Very simply, we use GET, plus our agent, to request the website:

Http://1212.ip138.com/ic.asp

This is a magical website that can return what your extranet IP is


url = ' http://1212.ip138.com/ic.asp ' r = requests.get (url = url,proxies = Proxy,timeout = 6)

Here we need to add timeout to remove the agents that have waited too long, I set to 6 seconds

We try with an IP and parse the returned page

The returned content is as follows:



Then we just need to extract the contents of [] within the page.

If our agent is available, it returns the IP of the proxy

(here will appear the return address or our local network IP, although I am not very clear, but I exclude this situation, should still be agent unavailable)

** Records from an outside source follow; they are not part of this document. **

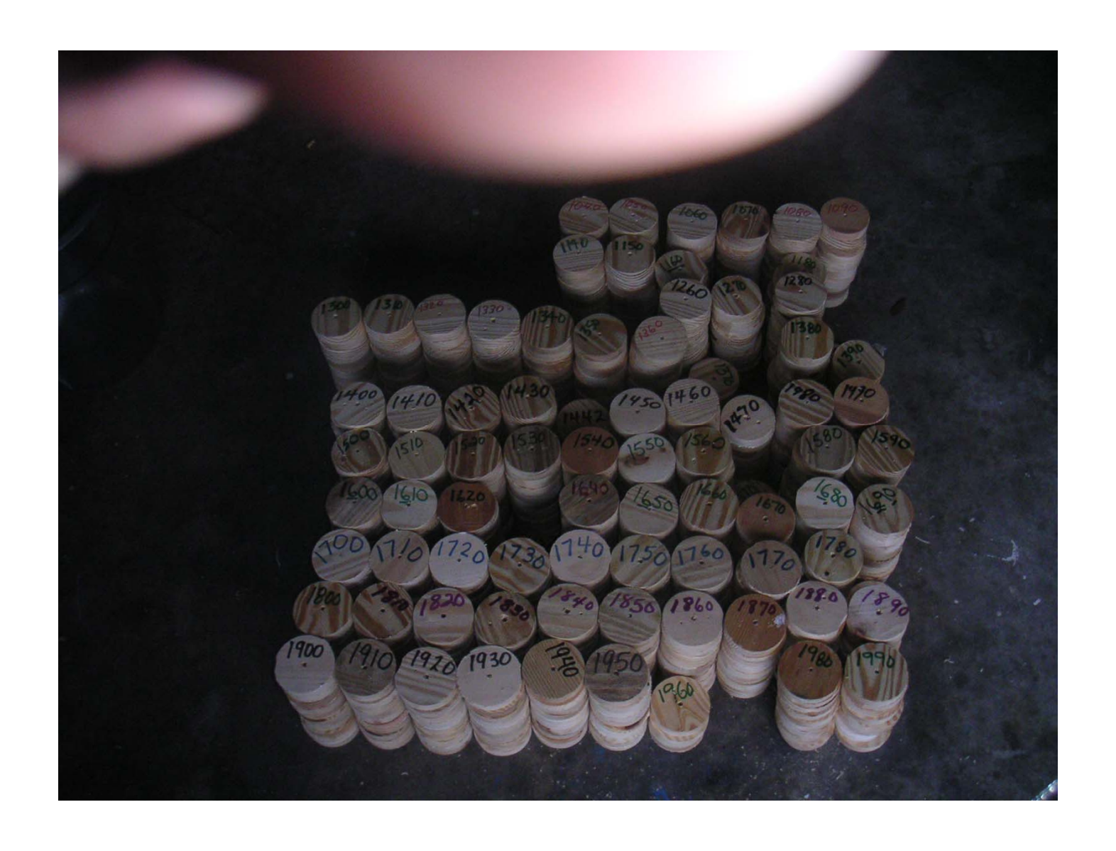
The "boats" before the race begins.
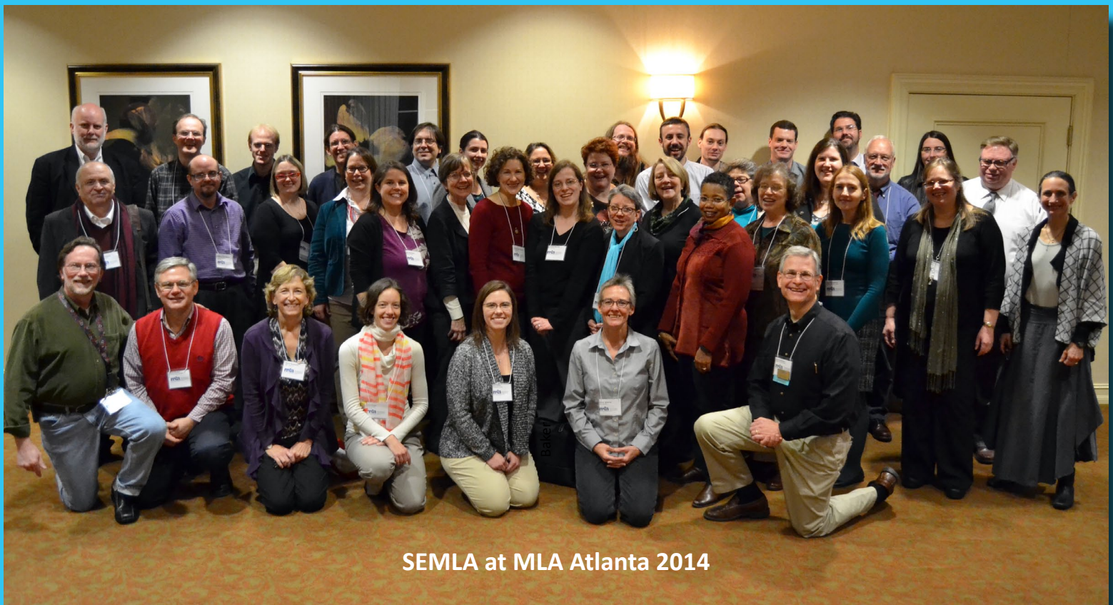
SEMLA at MLA Atlanta 2014

Please note that according to the SEMLA bylaws, dues are to be paid by July 1st of each year. Any members that haven't paid by July 1st are considered in arrears. If a member remains in arrears for a period of one year, that person is removed from the membership database. You can review this information at http://semla.musiclibraryassoc.org/bylaws.html (Article III: Membership).
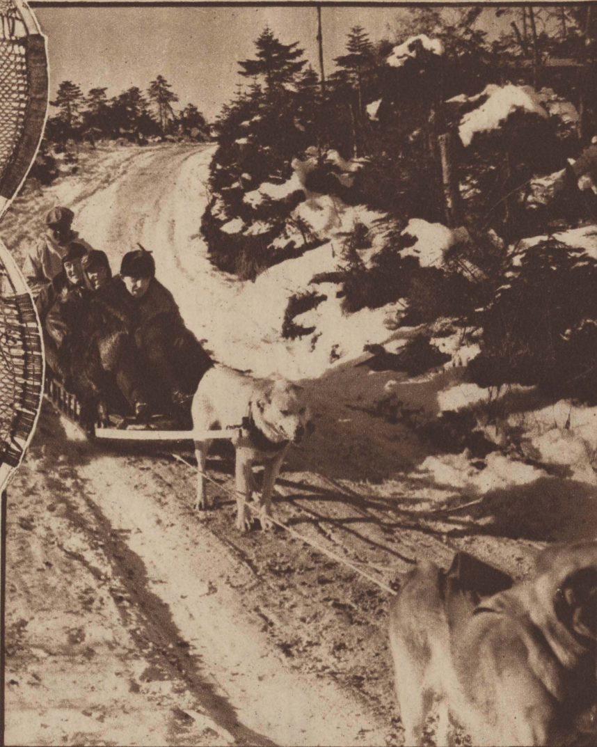
③ WILDERNESS PULLMAN. Coming through the bush by dogsled. It's a thrilling ride downhill, but on a steep upgrade you get off and walk!

Then we can make a judgment, if the IP and proxy dictionary are returned the same IP, the IP is considered to be an available proxy, and write it to the file

This is our idea, and finally the queue and threading threads are processed

On the code:


#coding =utf-8import requestsimport refrom bs4 import beautifulsoup as Bsimport Queueimport threading class Proxypick (thre Ading. Thread): Def __init__ (self,queue): Threading. Thread.__init__ (self) self._queue = Queue def run (self): And not Self._queue.empty (): url = self._queue.get () ProX Y_spider (URL) def proxy_spider (URL): headers = {...} r = requests.get (url = url,headers = headers) soup = BS (R.con Tent, "html.parser") data = Soup.find_all (name = ' TR ', attrs = {' class ': Re.compile (' |[  ^odd] ')}) for i in data:soup = BS (str (i), ' html.parser ') data2 = soup.find_all (name = ' td ') IP = str (data2[1].string) Port = str (data2[2].string) types = str (data2[5].string). lower () proxy = {} Proxy[types] = '%s:%s '% (ip,port) try:p Roxy_check (PROXY,IP) except Exception,e:print e passdef proxy_check (proxy,ip): url = ' http://1212.ip138.com/ic.asp ' r = requests.get (url = url,proxies = Proxy,timeout = 6) F = open (' E:/url/ip_proxy.txt ', ' A + ') soup = BS (R.text, ' Html.parser ') data = sOup.find_all (name = ' center ') for i in data:a = Re.findall (R ' \[(. *?) \] ', i.string) if a[0] = = IP: #print proxy f.write ('%s '%proxy+ ' \ n ') print ' Write Down ' f.close () #proxy_spider () de F Main (): queue = Queue.queue () for I in Range (1,2288): Queue.put (' http://www.xicidaili.com/nn/' +str (i)) threads = [] Thr Ead_count = Ten for I in Range (thread_count): Spider = Proxypick (queue) threads.append (spider) for I in Threads:i.start () for I in Threads:i.join () print "It ' s down,sir!" if __name__ = = ' __main__ ': Main ()

So that we can write all the available proxy IP on the website to the file Ip_proxy.txt file

Contact Us

The content source of this page is from Internet, which doesn't represent Alibaba Cloud's opinion; products and services mentioned on that page don't have any relationship with Alibaba Cloud. If the content of the page makes you feel confusing, please write us an email, we will handle the problem within 5 days after receiving your email.

If you find any instances of plagiarism from the community, please send an email to: info-contact@alibabacloud.com and provide relevant evidence. A staff member will contact you within 5 working days.

A Free Trial That Lets You Build Big!

Start building with 50+ products and up to 12 months usage for Elastic Compute Service

  • Sales Support

    1 on 1 presale consultation

  • After-Sales Support

    24/7 Technical Support 6 Free Tickets per Quarter Faster Response

  • Alibaba Cloud offers highly flexible support services tailored to meet your exact needs.